Sol House is a limited equity cooperative, meaning members “buy in” to a share in the cooperative when they join. The last share went for $90,000, Glowacz said, which is well below the market rate for a comparable three-bedroom unit in the neighborhood.
In addition to purchasing a share, members pay between $1,000 and $2,000 a month for expenses like taxes, utilities, insurance and maintenance.
Sarah Kaplan, a Chicago attorney who represents housing cooperatives and co-founder of the HUB Housing Cooperative in Marshall Square, said because most cooperatives have to register as nonprofits, they usually only qualify for commercial loans. But commercial loans usually have higher interest rates compared to mortgages, she said.
“I think people considering this should know there are possibilities available,” she said. “One of the things I’m seeing people do in Chicago is an individual will buy a home or building — the individual mortgage rate has good terms and they want to turn it into a cooperative without losing those terms.”
The building owner could rent to the cooperative — if allowed by the mortgage terms — and give the cooperative the right to buy the property once the owner’s loan is paid off.

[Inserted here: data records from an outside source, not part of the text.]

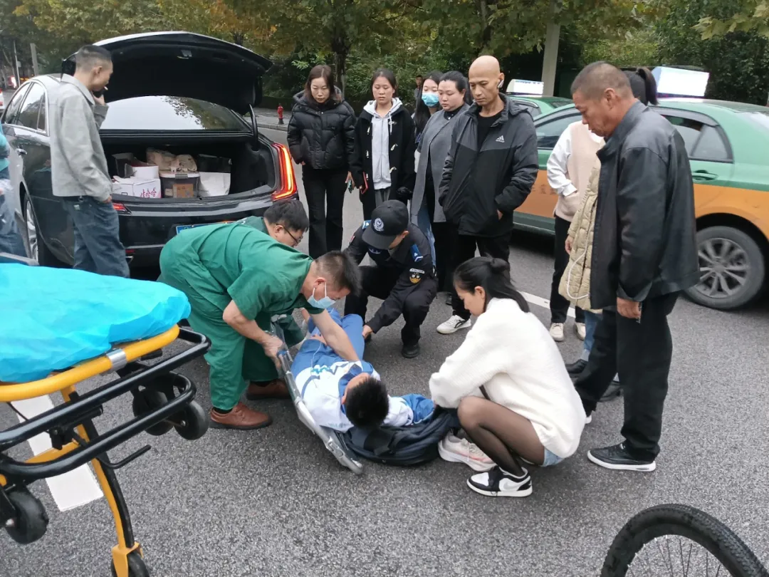 11月7日17时16分,特巡警大队巡逻队员巡逻至东风桥警务站时,发现警务站对面斑马线处发生一起交通事故。经查,易某驾驶一辆黑色轿车行驶至该路段时,不慎将一名正在过马路的学生撞倒,学生腿部受伤但意识清晰。事故发生后,特巡警队员第一时间上前开展处置工作,迅速疏导现场交通,避免二次事故发生,同时,特巡警队员立即拨打120急救电话,并初步询问伤者身体状况,待120急救人员抵达现场后,特巡警队员协助将伤者送上救护车。救护车离开后,待现场交通恢复正常,特巡警队员又继续投入到正常巡逻工作中。
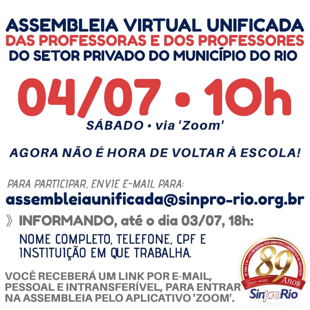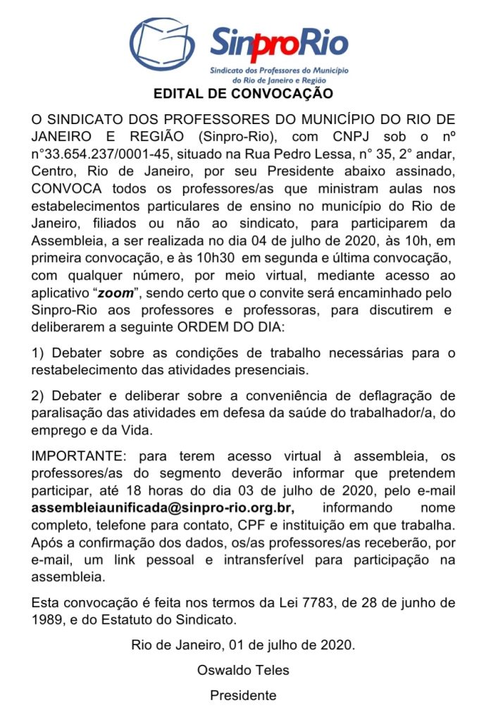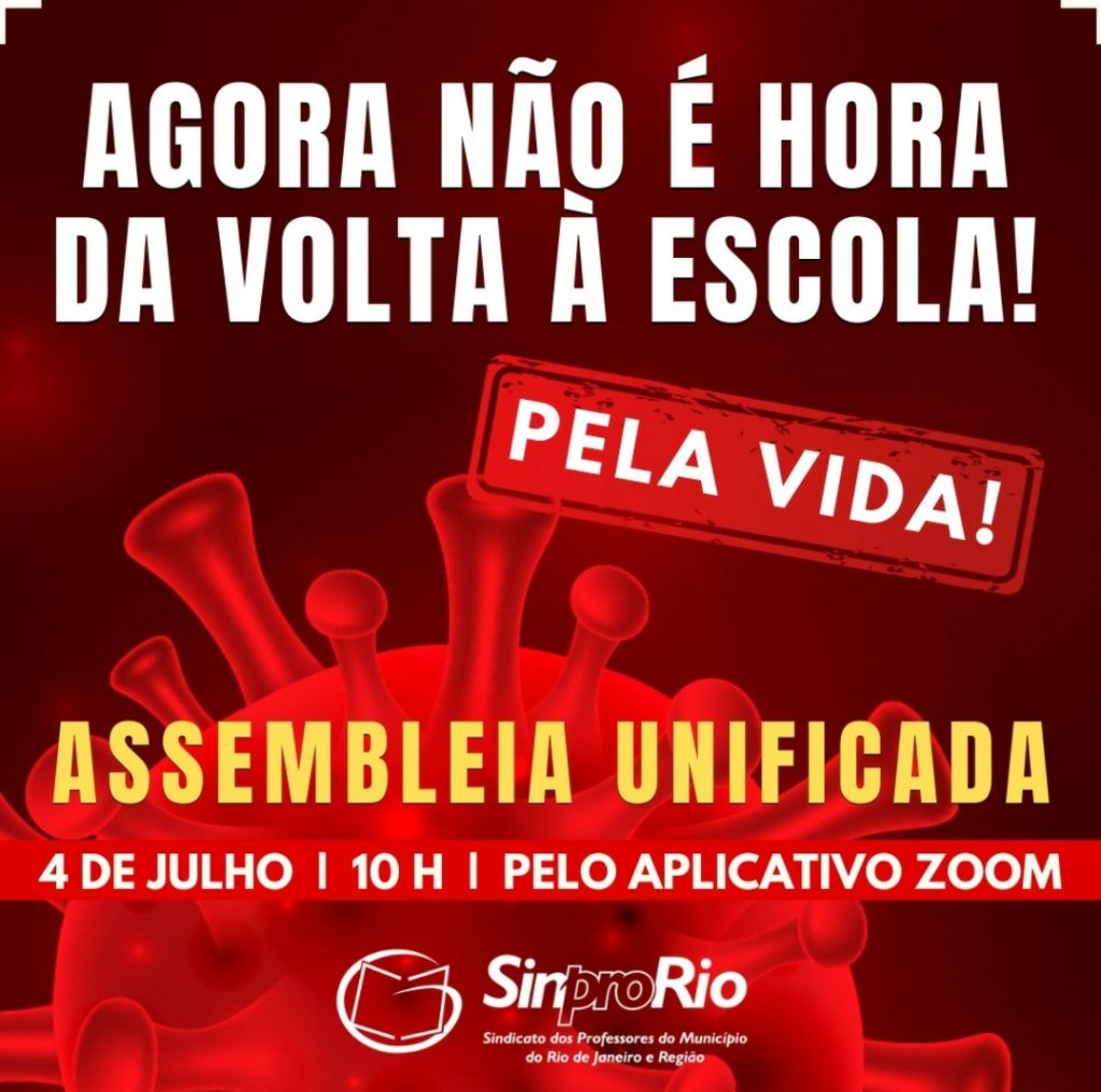 Após não haver acordo sobre a data para o retorno às aulas presenciais dentro das escolas (leia a matéria AQUI), o Sinpro-Rio convocou assembleia para o dia 04 de julho, sábado, às 10 horas, pelo aplicativo ‘Zoom’. A assembleia é para todos os professores e todas as professoras da Educação Infantil à Educação Superior, do setor privado do município do Rio de Janeiro, filiados/as ou não ao sindicato, que se inscreverem até as 18 horas do dia 03 de julho, pelo e-mail criado especificamente para essa assembleia.
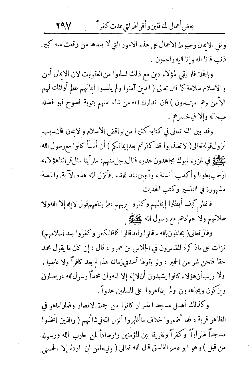 وقال تعالى: {يَحْلِفُونَ بِاللَّهِ مَا قَالُوا وَلَقَدْ قَالُوا كَلِمَةَ الْكُفْرِ وَكَفَرُوا بَعْدَ إِسْلامِهِمْ} 3 نزلت -على ما ذكره المفسرون- في الجلاس بن عمرو، قال: إن كان ما يقول محمدٌ حَقًّا فنحن شر من الحمير، ولو يقولها أحد في زماننا هذا لم يعد كافرا ولا عاصيا. ولا ريب أن هؤلاء كانوا يشهدون أن لا إله إلا الله، وأن محمدا رسول الله، ويصلون ويزكون ويجاهدون، ولم يُظَاهِرُوا على المسلمين عدوا.
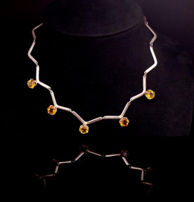 marked 925 GG. Approx 5x citrines 7.5mm dia. each, length 39cm -

Buying a home with friends
Chicago teacher Linda Becker remembers being told by a financial adviser that she couldn’t afford a single-family home.
“They told me that I could really only afford a condo,” Becker said. “But I was really set on having a backyard and garden. I thought if I was going to spend all this money, I wanted some dirt to come with it.”
When Becker’s old college roommate moved to Chicago, the duo started talking about buying a place together. With the help of a lawyer, the friends, and their respective spouses, drafted a housing contract and purchased a two-flat in Logan Square.
“It worked out great,” Becker said. “We ended up having kids, sharing a nanny, fixing up the place. We figured out what vegetables to put in the garden. It was awesome.”
The other couple eventually moved out-of-state. Becker and her husband still live in the building and purchased the second unit, which they now rent out.
The experience of buying a building with friends gave Becker a deeper understanding of how a lack of affordable housing can push people out of a neighborhood or force them to get creative, she said.
“I would love to see affordable housing be an issue that’s addressed at the local, state and federal level,” she said. “But I’m also grateful I was able to achieve a comfortable living arrangement that wasn’t the traditional path. Despite the cost of living, there are creative solutions that can enable you to be comfortable and a property owner.”